The Energy Department is at risk of missing the 2018 deadline to ship all transuranic waste at the Idaho National Laboratory out of the state, a senior official said recently.
That comes even as the agency has increased its pace of shipments to the Waste Isolation Pilot Plant in New Mexico for permanent disposal, Energy Department Idaho Cleanup Project Deputy Director Jack Zimmerman said during a Jan. 31 presentation in Boise to the Leadership in Nuclear Energy (LINE) Commission. He didn’t offer any details.
Under a 1995 legal settlement agreement with the state, DOE is required to ship all transuranic waste at the Idaho National Laboratory out of the state by Dec. 31, 2018. INL had shipped about 55,000 of the 65,000 cubic meters of the waste material by early 2014.
However, waste shipments to WIPP from across the DOE complex were halted for more than three years following a pair of February 2014 accidents in the underground disposal site. Shipments resumed last April.

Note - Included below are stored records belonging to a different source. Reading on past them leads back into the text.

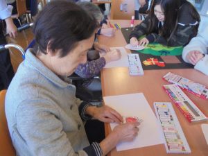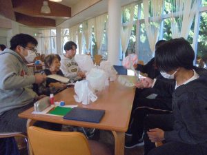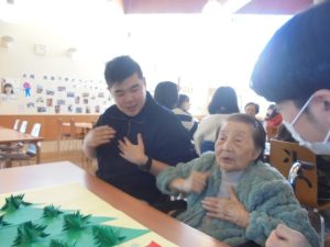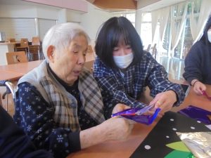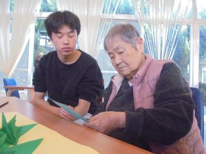 学生さんと入居者様が一緒に飾りつけをして環境づくりを楽しみました。
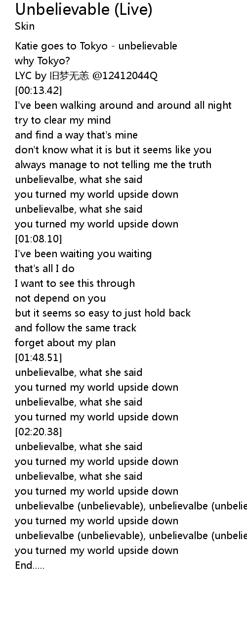 | [03:18.48] | unbelievalbe unbelievable, unbelievalbe unbelievable |
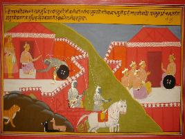 | Description / विवरण | Miniature painting based on Mahabharat - Drona parva depicting Arjun touching feet of Yudhisthir who is inside camp to give him blessing at upper right part. Then he left for war field in his chariot. He is conspared with tiger who is going for hunting and ninrals. At the upper left part Duryodhan is sitting with other leaders and asking thems to catch Yudhisthir. |
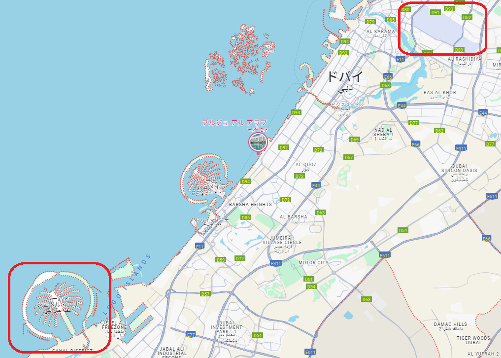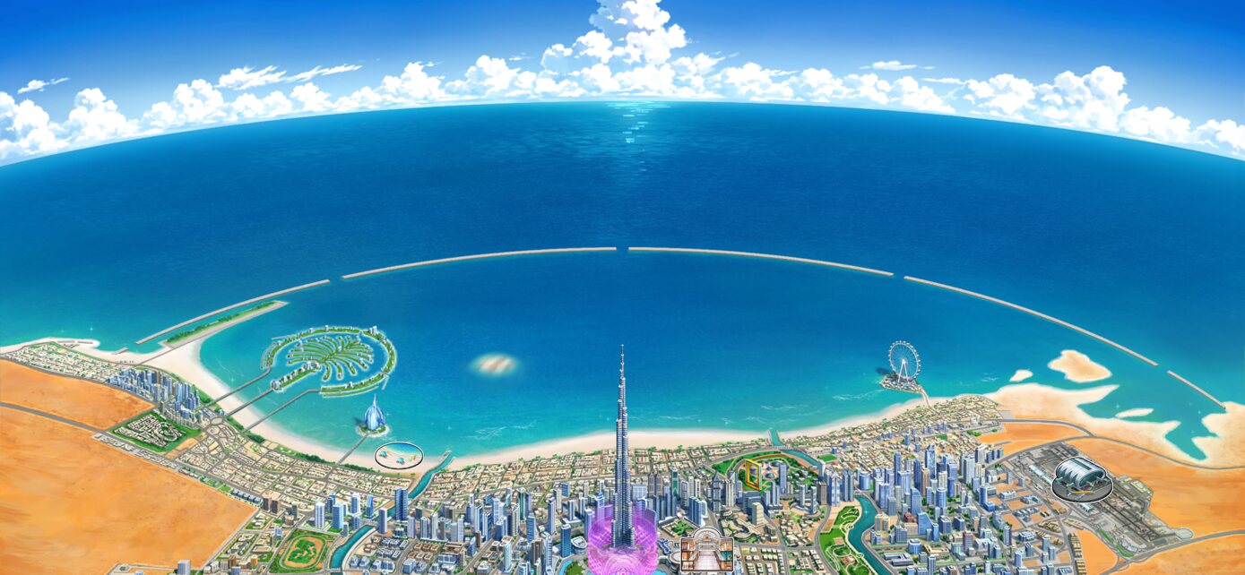 ドバイの航空図とか見たことあるスレ民はヤシ型出島(本来左側に二つあるものが統合されてる?)とか今日リップが指摘の観覧車の位置(本来ならヤシ出島の近く)とか、左側の方にあるトラック(競馬場のはずだけど外観がちょっと変)とか引っ掛かりまくってた
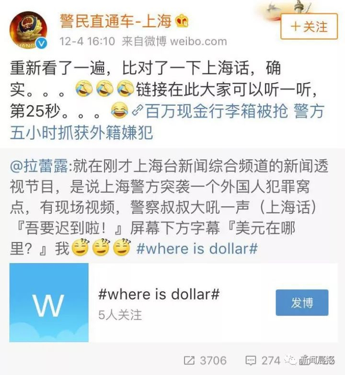 警察爷叔开英文:Where is dollar=吾要迟到啦?上海话里的英文,你值得拥有

“The requirement to meet a 2,000 cubic meter running average of shipping TRU to WIPP was missed after WIPP shut down and does not look likely to be met in the future,” Susan Burke, the Idaho Department of Environmental Quality oversight coordinator for INL, said by email Tuesday.
Burke was not certain of the total amount of TRU waste yet to ship out of Idaho. An INL spokesperson, Sarah Neumann, said she did not immediately know the amount either.
The Idaho National Laboratory accounted for 88 of the 133 TRU waste shipments received by WIPP in 2017. In addition, eight of the first 13 shipments sent to WIPP during January came from INL. WIPP had received 13 shipments this year as of Jan. 25, according to the latest publicly available data.